The change from the word dependence to addiction comes after long disagreement over the terminology. Dr. O’Brien said that “dependence was what went into DSM-IV, but only by one vote,” adding that subsequent research has shown that this decision was a “significant mistake” because dependence typically refers to physical dependence, which can exist even in drugs not normally abused—for example, people who are on opiate-based painkillers may develop a physical dependence, even though they are taking the drugs exactly as prescribed. (Even certain antidepressants can cause a physical dependence that results in symptoms of withdrawal when stopped abruptly.)
This change is also based on statistical studies showing that essential difference between abuse and dependence is one of degree rather than kind. The old AA truism that “You can’t be partly alcoholic any more than you can be partly pregnant” will no longer hold. Under the DSM-5 diagnosis for “alcohol use disorder,” you can be “moderately” or “severely” addicted.
An Increase in Addicts
Taken together, the introduction of the word addiction with both the increase from seven to 11 of the possible criteria and the decrease from three to two in the required number to meet a diagnosis will have one already-certain result: More of us will be “addicts” than ever before. The implications of this fact, however, are anything but certain.
Thomas Babor, an expert in psychiatric epidemiology at the University of Connecticut and an editor of the international journal Addiction, told The Fix, “If [the DSM-5] is published as currently proposed, you’re likely to see an explosion or an epidemic of addiction in the United States which is attributable to the fact that instead of three symptoms out of the current seven, you how have to have two symptoms out of eleven. The chances of getting a diagnosis are going to be much greater, which is artificially going to inflate the statistics even further. It could be an embarrassment.”
Moreover, by redefining substance abuse as addiction, the “mild” substance abuser will become the “mild” addict. Babor worries that this will make it harder to screen for people who might have harmful use of alcohol or drugs but who are not yet addicts. “If we take away that category,” he says, “we may lose our ability to bill for [alcohol screening], it may reverse a lot of the progress we’ve made in identifying risky drinking.”

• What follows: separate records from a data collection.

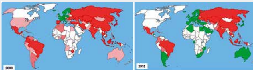
Slika 2. Uporaba i zabrana azbesta na svjetskoj razini (usporedba godina 2000. i 2015.)

Legenda: bijelo <500 tona, ružičasta 500 – 2000 tona, tamno ružičasta 2000 - 10 000 tona, crveno >10 000 tona, zeleno - zabrana uporabe.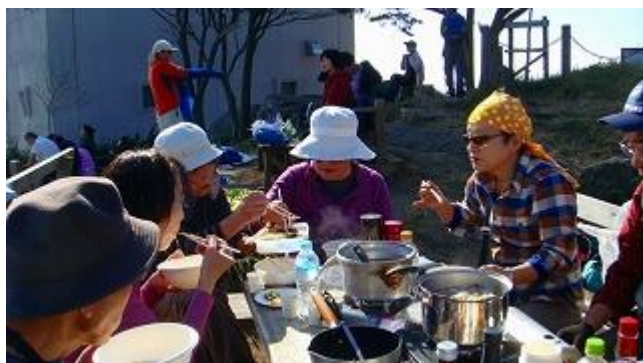
戴きます！鍋は良く出汁のでた美味しいきのこスープ、うどんを入れて更におなかいっぱい！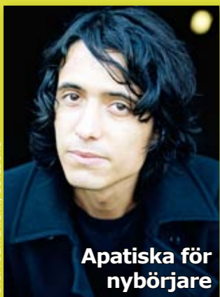
Onsdag 14 mars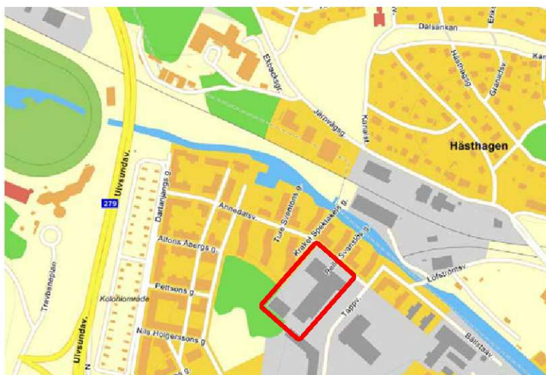
Figur 1: Översiktskarta med fastigheten Baltic 8 markerad med rött.

Den aktuella fastigheten Baltic 8 ligger centralt i stadsdelen Annedal, Bromma. Undersökningsområdets storlek är cirka 10 000 m 2 och av dessa är ca 7 000 m 2 täckta av en industri- och kontorsbyggnad med tillhörande parkeringsgarage. En översiktskarta över området redovisas i figur 1 nedan. Fastigheten avgränsas i väster av ett bostadsområde med flerbilshus, i söder av berg samt en fastighet med kontorsbyggnad och i väst av en grusad yta som i dagsläget används som parkering och som planeras bli ett torg. I norr avgränsas fastigheten av Annedalsvägen. Bällstaån ligger ca 75 m norr om fastigheten.

Psychiatrists vs. Addictionists
Prof. Babor pointed out to The Fix that there does not seem to be any underlying theoretical continuity to the eleven proposed criteria for addiction, only statistical correlations. The DSM-IV worked on a theoretical model of dependence that the new version will fold into the new category of addiction. But critics like Babor fear that without a solid theoretical unity for the revisions in the DSM-5, treatment professionals will be less able to diagnose addiction and explain that diagnosis.
Last week’s announcement of the ASAM definition of addiction provided a stark contrast to this supposed DSM deficiency. The ASAM definition defines all addiction as fundamentally the same, regardless of the behavior or substance one is addicted to. Moreover, the ASAM clearly outlined the neurological “circuits” that produce addiction.
However, the DSM committee has resisted this strictly biological approach, partly because they need to create a standardized set of criteria to diagnose addiction that can be used by all treatment professionals in their practice—symptoms observable without using a brain scan.